1. Aktuell erscheint eine
neue deutsche Studie über männliche Opfer häuslicher Gewalt im Nomos-Verlag. (Das ist derselbe Verlag, in dem auch mein Buch
"Gleichberechtigung beginnt zu zweit" erschienen ist.) Die Studie von Dr. Jonas Schemmel, Laura-Romina Goede und Philipp Müller steht online und ist für jeden problemlos einsehbar.

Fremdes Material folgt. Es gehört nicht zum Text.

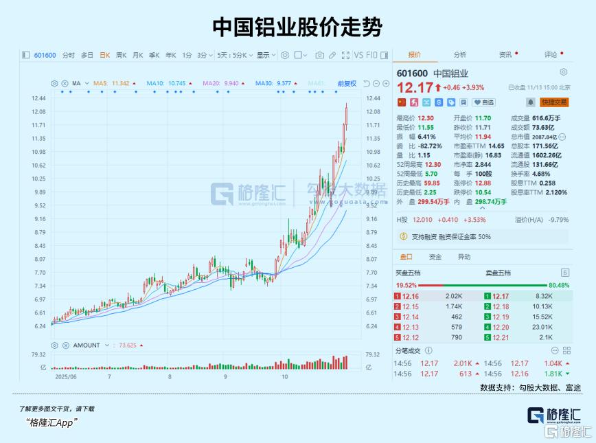 同时A股的铝板块在最近一个月也收获了巨大涨幅。其中作为国内铝业巨头的中国铝业今日A股收涨3.93%,市值突破2000亿元大关,最近两个月涨幅超过了50%。

Ich gehe davon aus, dass es durchaus im Sinne der Forscher ist, wenn ich ihre zentralen Erkenntnisse auch in ausführlichen Zitaten einer größeren Öffentlichkeit bekannt mache. (Andernfalls genügt eine Mail an mich; dann würde ich sämtliche Erkenntnisse lediglich paraphrasierend und damit notwendigerweise verkürzt wiedergeben.)
Viele dieser Erkenntnisse bestätigen Aspekte, die ich und andere Mitglieder der Männerbewegung seit Jahrzehnten thematisieren – trotzdem halte ich für politisch brisant, wie sehr die aktuelle Studie diese Dinge bestätigt. Sie zeigt auch, wie wichtig eine politische Bewegung für Männer ist – und wie wichtig es wäre, dass diese Bewegung von Politik und Medien endlich stärker gewürdigt wird.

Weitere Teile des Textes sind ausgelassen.